In this exclusive excerpt for WhereNext, Yarnold chronicles a place in the insurance business where hope and technology intertwine:
When Ryan Bank told Sheel Sawhney at Brit Insurance that he could reduce the cost of settling a post-hurricane claim from $12,000 to $8, he had Sawhney’s full attention.
Sawhney has been in the insurance business since the early 2000s. Today, he’s the chief operations officer for Brit, one of the largest players in one of the most recognizable names in insurance, Lloyd’s of London. Lloyd’s is an umbrella organization for more than 50 companies. As Lloyd’s second-largest syndicate, Brit writes most of its policies in the US.
More than 300 years old, Lloyd’s has insured everything from the ships that carried enslaved people during the 1800s to oil freighters, buildings, and satellites.
It also famously insured the legs of footballer David Beckham and actor Betty Grable, the hands of Rolling Stones guitarist Keith Richards, Bruce Springsteen’s voice, and the Titanic. Lloyd’s drew a line at film director Stanley Kubrick’s request to insure against the invasion of aliens before the release of 2001: A Space Odyssey.
Sawhney arrived in London in 2016, just in time for what he calls, unironically, the perfect storm. In 2017, Hurricanes Harvey, Irma, and Maria crushed parts of Florida and Texas. Also in 2017, California burned—from Santa Barbara to Sonoma—and in 2018, the Camp Fire became the deadliest in the state’s history. Atmospheric rivers had unleashed unprecedented rainfall and flooding in Colorado and Tennessee and now California. These were climate change-driven disasters for countless families and for insurers.
Meeting Ryan Bank and GIC [the Geospatial Insurance Consortium] was a revelation, Sawhney said. Internally, Brit’s team called GIC “Goldeneye” after the James Bond film [for the high-resolution imagery the organization delivers when disaster strikes]. Brit became a GIC member in 2019: “Things started to converge, the idea that we would have virtual claims-adjusting capability out of London,” Sawhney said.
About three-quarters of Brit’s claims come from high-risk areas in the US. When a hurricane hits, Brit knows GIC data will soon follow. Brit’s systems first interpret the GIS data in the form of shapefiles, polygons based on latitude and longitude that are the jigsaw puzzle pieces of geospatial data.
In the wake of Hurricane Ian in 2022, that first step allowed Brit to narrow the computer search from 5 million customers to 50,000 policyholders around Fort Myers, Florida.
Then the imagery met Brit’s AI software, which a Brit technology leader describes as “customers of the GIS data.” First, an algorithm scanned GIC’s images for the addresses of Brit’s policyholders. Another algorithm stepped in to assess and categorize damage. All of that was sent to insurance companies or brokers who had the data to reach out to policyholders.

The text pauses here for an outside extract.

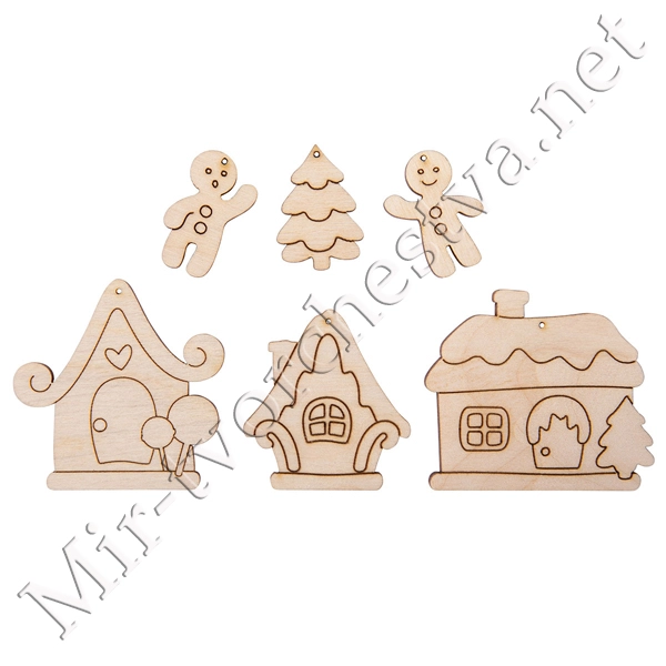 Заготовка для декорирования ВД-1131 (НГ) Мини набор "Пряничный" фанера, 5.6x5.5x0.3 см 0.3см, Mr. Carving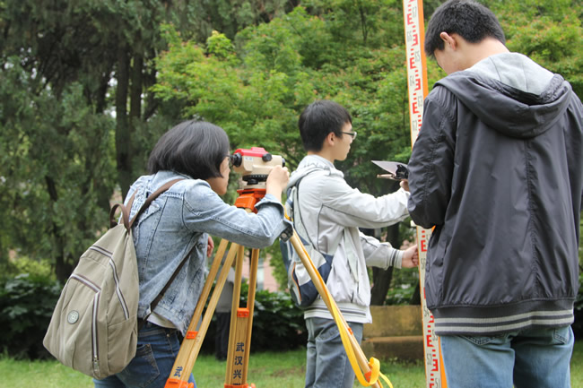 此次比赛主要是外业操作比赛,测绘工程专业分为导线测量和水准测量两个比赛项目,每个项目又分为仪器操作测量环节和数据处理环节。地球物理专业包括地磁、地电、重力三个比赛项目。此次测绘工程专业有85支队伍,地球物理专业有9支队伍,共360余名学生参加。

Speed matters. Insurance companies that pay promptly make everyone happy. That includes the independent brokers who sell policies and help customers pick insurance companies. The brokers don’t want to deal with nitpicking insurance companies any more than customers do.
After the devastating fires on the island of Maui in 2023, Sawhney says GIC’s data plus Brit’s tools enabled Brit to pay 80 percent of initial claims in just a few days. “The rest of our competitors in the London market weren’t even able to understand if they had losses and they were still unfortunately looking for people.”